● Given material:

*** Begin section ***

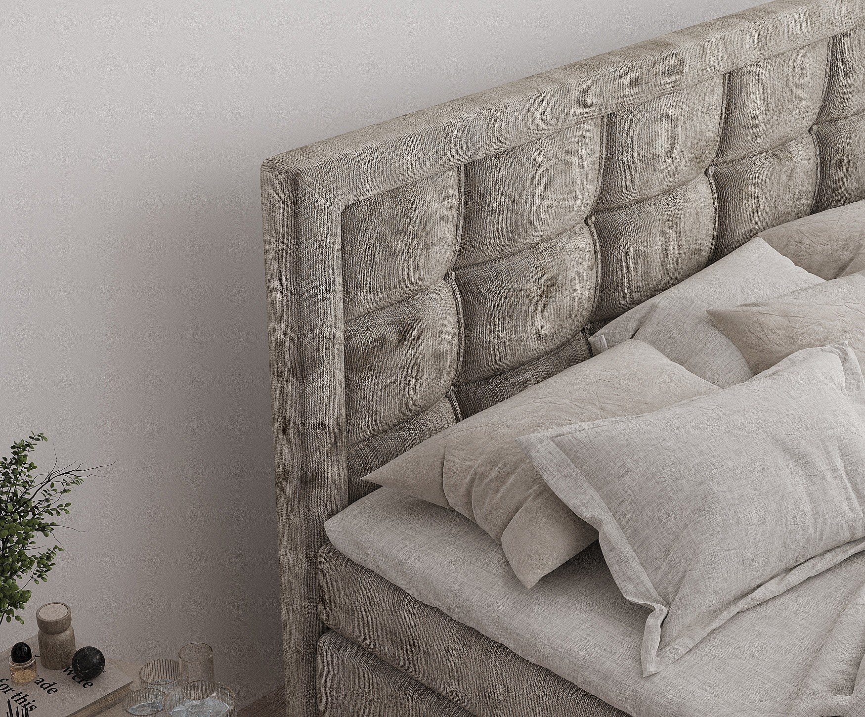 Lit boxspring en tissu chenille Ambrosia - matelas - surmatelas - 200x200 cm - beige
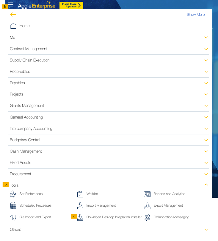 On the Aggie Enterprise Home page, click
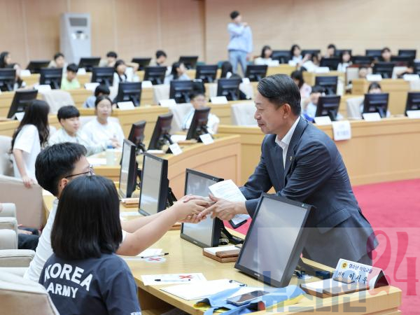 이날 의회교실에서 이재태 의원은 참여 학생들에게 따뜻한 환영의 인사를 건넨 뒤 도의회의 역할과 민주주의의 가치 그리고 정치 참여의 중요성에 대해 학생들의 눈높이에 맞춰 설명했다.

*** End section ***

● Task to complete:
The data shown above must be printed again exactly, with no images included.

● Response to this task:
 Lit boxspring en tissu chenille Ambrosia - matelas - surmatelas - 200x200 cm - beige
 On the Aggie Enterprise Home page, click
 이날 의회교실에서 이재태 의원은 참여 학생들에게 따뜻한 환영의 인사를 건넨 뒤 도의회의 역할과 민주주의의 가치 그리고 정치 참여의 중요성에 대해 학생들의 눈높이에 맞춰 설명했다.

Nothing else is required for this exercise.